Equally unusual is how Netflix doles out options. They are granted monthly instead of annually, as is typical. Given how Netflix shares swing wildly, this makes sense. About a fifth of them are also on loan to short sellers, who think the company is overvalued or the business model is not sustainable.

This can help smooth volatility and reduce some frustration that might discourage managers. To wit, on Nov. 1, the shares were at about $167. A month later they were up to $200. And they opened 2011 at just over $178. Because of the dollar-cost averaging afforded employees, they can worry less about underwater options and more about how to keep Netflix a step ahead of the competition.

Heeding Say on Pay

Companies that ignore say-on-pay votes may pay a hefty price: lawsuits. Shareholders are speaking up on executive compensation with the voice they were given by last year’s financial overhaul legislation. Their advice is not legally binding, but that has not stopped disgruntled investors from calling in lawyers to enforce their views.

The Dodd-Frank Act created say-on-pay to blunt criticism that executives were compensating themselves like rock stars. Beginning on Jan. 21, most public companies had to put pay packages for top officers to an “advisory vote” by shareholders. The law did not change directors’ fiduciary duties, so ignoring a thumbs-down verdict is allowed.

Few boards have faced that option. On Friday, for example, just 27 percent of Goldman Sachs’s shareholders voted against 2010 pay of $18 million for its chief, Lloyd C. Blankfein. At last count, only 12 of more than 350 companies that have held meetings received less than majority support for their executives’ pay. Still, those few could face costly consequences.

A negative vote can lead to bad publicity or the ouster of directors. But for Jacobs Engineering and Beazer Homes, which lost say-on-pay votes this year, it has meant lawsuits against management by major shareholders.

The suits claim the votes were slam-dunk evidence that executive pay was excessive.

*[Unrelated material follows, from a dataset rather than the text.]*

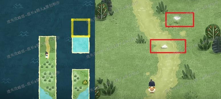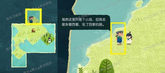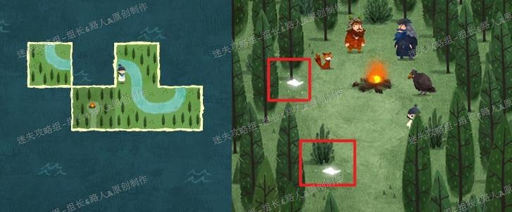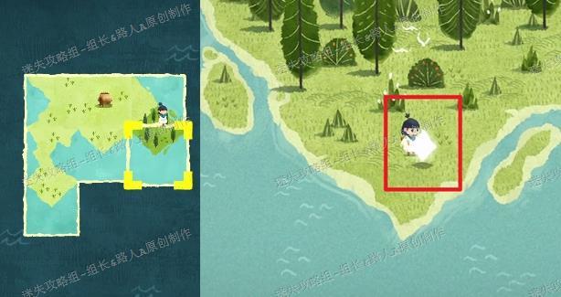完成剧情触发后,需寻找森林中的那户人家。先将所有地图拼合,前往小男孩所在位置。当两只粉色边框的海鸟从身旁飞过时,会留下两个地图碎片,拾取后发现是森林区域的拼图部分。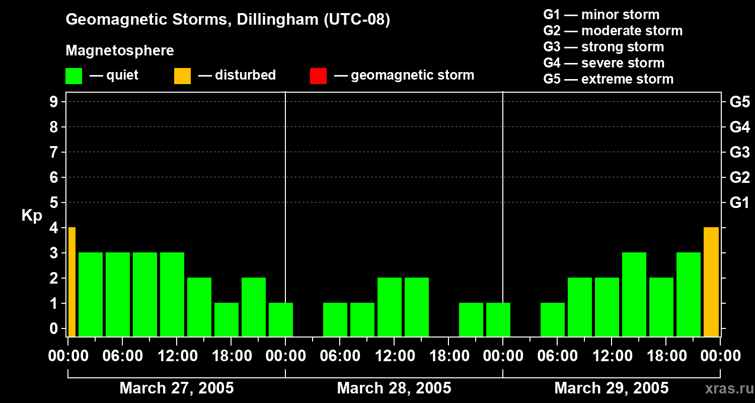 Geomagnetic storms in Dillingham — Mar 29, 2005

By not altering pay after the votes, the suits argue, management unjustly enriched itself, breached its duties to shareholders and, in Jacobs’s case, wasted company assets.

These are tough arguments to win. The law generally leaves compensation decisions up to the directors. It is easy to see the reasoning for that. Most shareholders do not pay enough attention to make informed decisions about corporate matters, and some others might have agendas that diverge from the interests of smaller investors.

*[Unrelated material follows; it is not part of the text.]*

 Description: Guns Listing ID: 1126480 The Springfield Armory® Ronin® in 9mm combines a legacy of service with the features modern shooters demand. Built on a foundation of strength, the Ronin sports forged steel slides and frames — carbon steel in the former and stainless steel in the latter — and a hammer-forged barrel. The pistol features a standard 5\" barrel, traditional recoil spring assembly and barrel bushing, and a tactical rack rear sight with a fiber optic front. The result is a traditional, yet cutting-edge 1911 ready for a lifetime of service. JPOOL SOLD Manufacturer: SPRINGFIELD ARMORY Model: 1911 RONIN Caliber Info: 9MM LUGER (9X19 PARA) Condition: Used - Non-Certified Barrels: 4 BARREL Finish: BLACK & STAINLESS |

Still, executive compensation has generally soared, even when profits and share prices have fallen. Many incentives for chief executives are misaligned with shareholder interests. When that perception is wrong, boards should explain why. And when it is not, they are better off heeding shareholder concerns about pay, and adjusting accordingly than squandering more of their owners’ treasure on defending themselves in court.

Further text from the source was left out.